Note: the institution was created in 1865, not 1965- I don’t see any feature to let me edit these kinds of errors once they are posted. That was one of those fat fingers tiny buttons kind of a mistake….
This is a great commentary,a clear articulation of my own world view. I see the heart of socialism and buddhism here. I’m sharing this with people who both hold similar and different views. Imagine if this were out on mainstream newspapers’ editorial pages. A better world is possible.
i think we should not merely consider whether healthcare is for the elite few or the many but understand the matter of choice, freedom, and market.
government interference in healthcare has had, among other things, two effects: 1. controlling how healthcare can be adminstered (rand paul stated a hospital was forced to deny charity due to regulations when they otherwise would have been able to provide it) and 2. raising the price of healthcare - manipulating insurance regulation has caused high prices in medical care and artificially increased the price point of medicine so that uninsured cant afford care.
When parties can deal directly with each other, free choice, good cost to value ratio can be maintained.
it became personally evident to me how efficient urgent care clinics were and they fill a gap between hard to see doctors and expensive emergency rooms. I think market innovations like this make treatment more accessible and affordible.
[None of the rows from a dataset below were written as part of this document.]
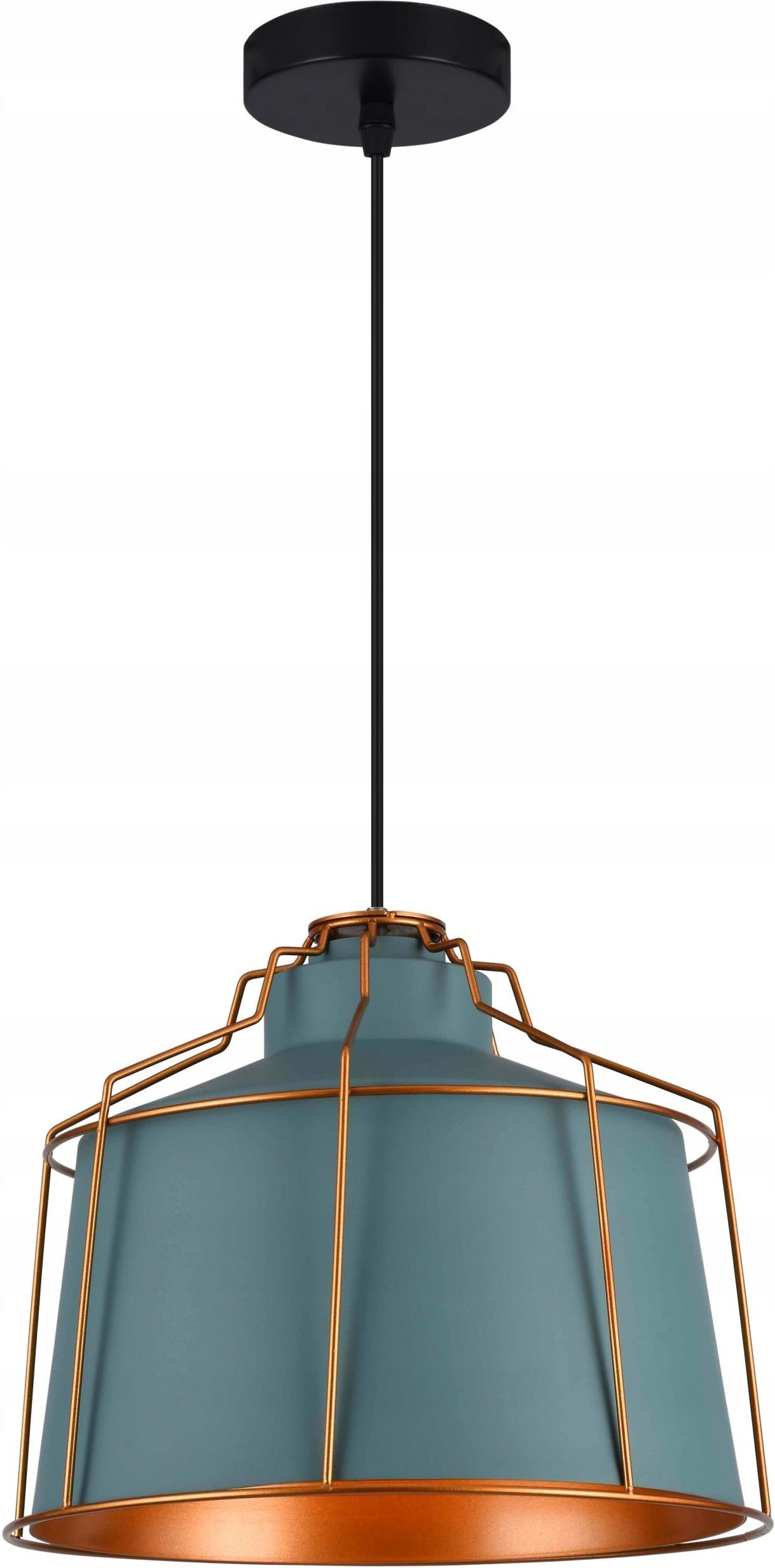 Lampa wisząca GOA Oprawa sufitowa GOA, 3574, AC220-240V, 50/60Hz, 1*E27, IP20, ŚR. 32 CM, pojedyncza, niebieska. INDEKS (ID): OS-GOA-25-DEC (147982) EAN: 5902801353567 Opis Lampa GOA to ciekawa i nowoczesna propozycja dla osób, które lubią klasyczny kształt, ale w bardziej nowoczesnym wydaniu. Odważne zestawienie kształtów, takich jak walec i proste linie to jej znak rozpoznawczy. Lampy wiszące tworzą niepowtarzalny nastrój w pomieszczeniu. Zwracają na siebie uwagę, dlatego szczególnie ważne jest, aby były odpowiednio dopasowane do aranżacji wnętrza. Lampa wisząca nie tylko pięknie oświetli wybrany przez Ciebie pokój, ale także będzie stanowiła wyjątkową dekorację. Efektowny wygląd tej lampy został zbudowany na zasadzie kontrastów. Klasyczny, lekko rozszerzający się ku dołowi, turkusowy klosz okryty jest ozdobnym złotym stelażem GOA to lampa, która sprawdzi się w domu, jak i poza nim: pokoje, kuchnia, korytarz, biuro a nawet restauracja. Łatwo zestawiać ją z różnym stylami urządzania wnętrz. Jest świetnym uzupełnieniem do stylu nowoczesnego, klasycznego, eklektycznego, minimalistycznego, a nawet vintage. Charakterystyka Ciekawa, nowoczesna stylistyka Efektowny, złoty stelaż okrywający klosz Łatwa do wkomponowania w wiele styli urządzania wnętrz Złote wykończenie wnętrza klosza ociepla światło padające z lampy Średniej wielkości lampa na jedno źródło światła E27– średnica klosza wynosi 32 cm. Cechy Miejsce montażu: sufit Kolor: niebieski Rodzaj trzonka: E27 Ilość źródeł światła: 1 Średnica klosza [mm]: 320 Materiał: metal Moc źródła światła lub urządzenia [W]: max.40 W Waga [g]: 1200 Klasa energetyczna: A-G Napięcie zasilania [V]: 220-240 Częstotliwość [Hz]: 50-60 Stopień ochrony IP: 20 Klasa ochronności przed porażeniem elektrycznym: I Certyfikat CE: tak Certyfikat EAC: tak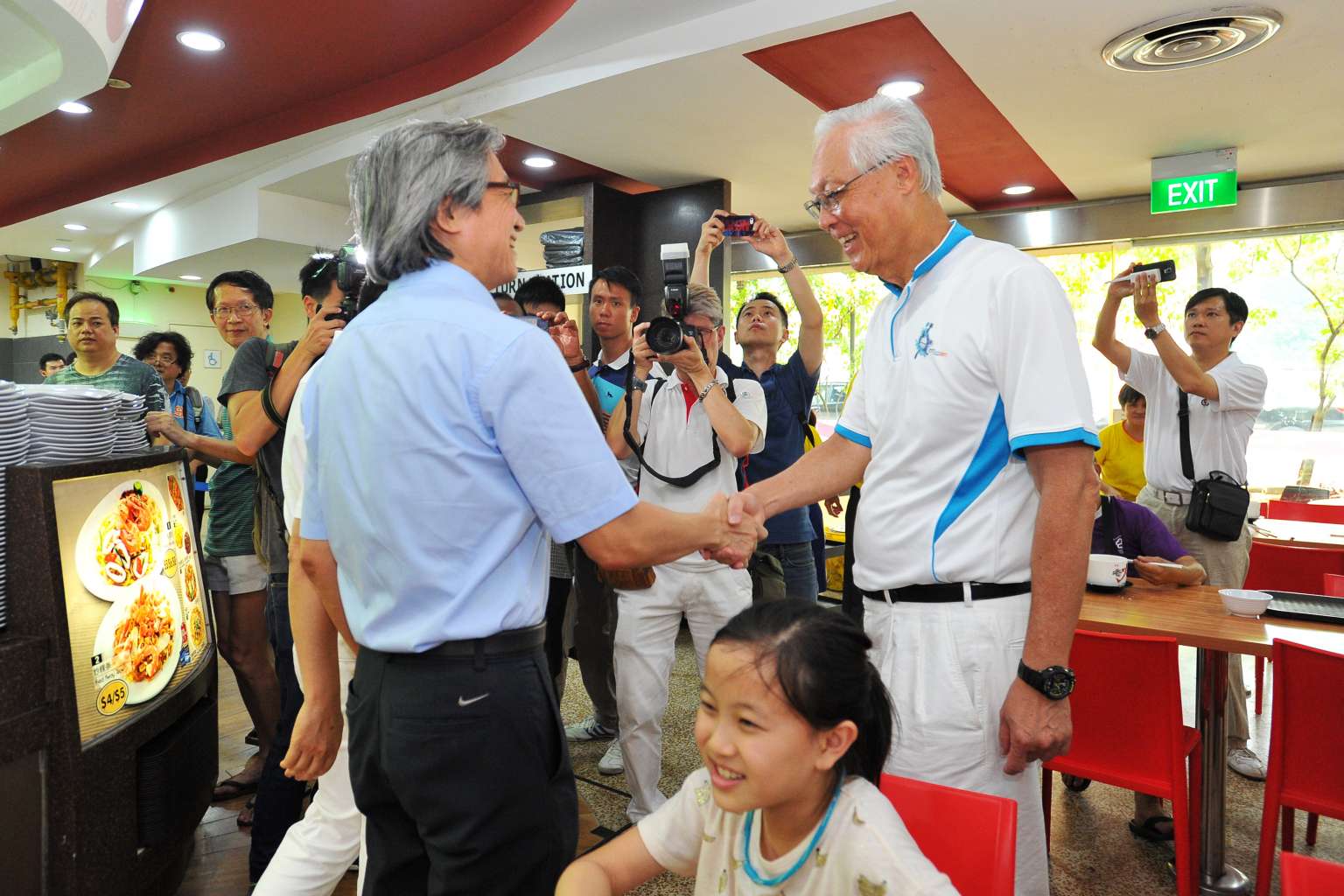 Workers' Party Aljunied GRC candidate Chen Show Mao (left) shaking hands with ESM Goh Chok Tong at the Hougang Central food court on Sept 6, 2015.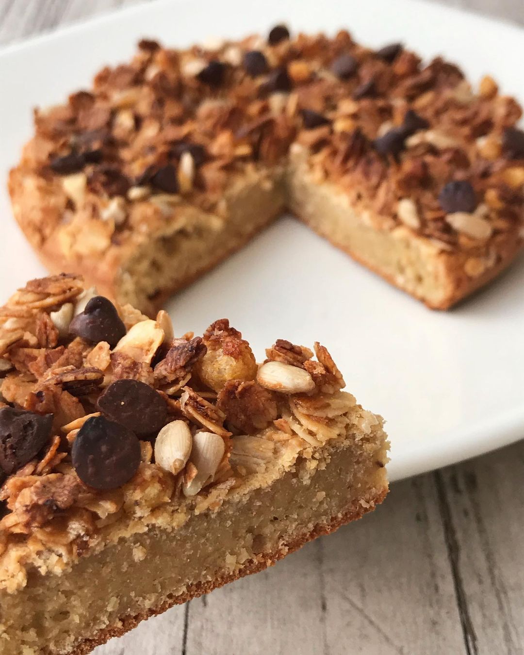 Licuar todo menos la granola y los chips. Si queda con consistencia semi líquida agregar más avena. Colocar la preparación en un molde chico y llevar al horno 15 minutos o hasta que pinchando el cuchillo salga seco. Agregar por encima unos minutos antes la granola para que se torne crocante y al final los chips.
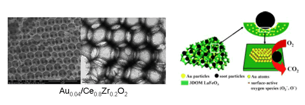 设计了一类新型的催化剂––三维有序大孔复合氧化物担载金催化剂,并首先将其应用于固体颗粒物质的催化氧化反应中(见图3)。金活性组分提供了优异的活化氧和使NO氧化为NO2的能力,三维有序大孔载体提供了PM良好的接触与扩散通道,所以这类担载金催化剂对PM氧化的催化活性获得了目前文献报道中活性最好的结果,特别是松 散接触条件下炭黑在3DOM Au0.04/LaFeO3催化剂上氧化的起燃温度仅为228 °C,显著低于世界上文献报道活性最高的Pt基贵金属催化剂。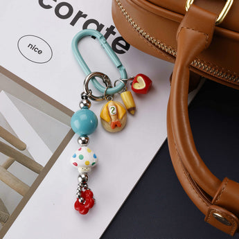 Bring back the joy of playtime with this colourful cutie! A pastel blue clip holds a happy mix of charms. - a cherry-red flower, a spotty little multi-coloured mushroom, a yellow pencil, an apple and a piece of sushi- because why not? It is cheerful, quirky and just the right amount of chaotic fun - the ultimate bag charm for someone who doesn't take life too seriously!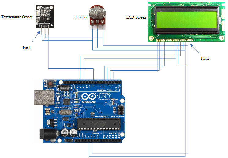The following picture shows the temperature monitor that I have built where you can clearly see the Arduino Uno board and the LCD screen but not the temperature sensor or the trimpot.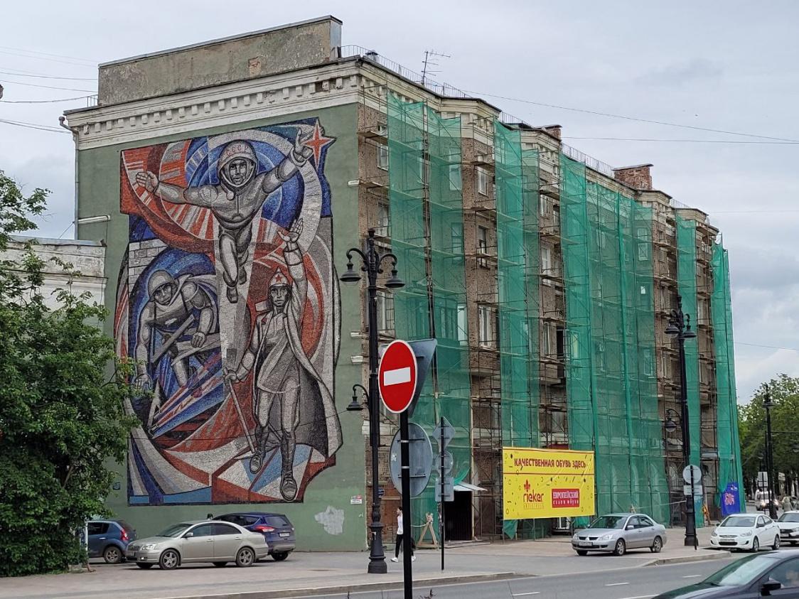 Подрядчик заменит старый слой штукатурки, покрасит фасад, восстановит архитектурные элементы: лепнину, гирлянды и вензеля вдоль всей горизонтали здания. При этом предполагается полное сохранение узнаваемого мозаичного панно «Комсомол в решающие моменты истории».

it is true that at the beginning a state funded healthcare might work well in the short run (since many pay taxes anyway) but in the long run it tends to have the same problems as monopolizing and reduction of competition which raises cost while lowering quality of service.
some third world countries have great state healthcare (such as costa rica) but they are developing so they may have a lot of growth and tourism income and have younger economies. The real key to thier comparitive success is not that they are state funded but that they are so underregulated compared to the US that they can afford to offer services at a reasonable price.
Im not saying this necessarily disagrees with your article but food for thought.
As we age, healthcare is a human need and a community necessity so lets think about which direction we want to go in.
im for free market plus private charity plus less regulation plus removing or reducing occupational licensing and monopolies.
I agree that healthcare is a human need and a community necessity. However, I do not agree that competition within a market would achieve prices lower than those in single-payer nationalised systems, which have been around as long as the American model, but are 50-70% cheaper in some cases. This is because they spread the liabilities more widely and are able to negotiate costs more aggressively, something individuals cannot do. Such nationalised systems can also proactively spend more on prevention knowing it will cut costs later, as well as benefitting from economies of scale, and also not having the overheads of having to provide profits for shareholders at many points along the healthcare providing process. Nor am I convinced that anti-monopoly practices can be enforced in a deregulated market, or that such deregulation won't lead to potential major health / pharmaceutical scandals worse than those that already occasionally slip through. You also have far belief in the potential of individual charity than I do to cover what a competitive paid-for health service would not, but I appreciate your optimism.
Having said all of that I am not in favour of markets for essential services at all on, or the commodification of medicines (or even food for that matter) on philosophical / moral grounds, and I'll be covering this in the next couple articles in this series.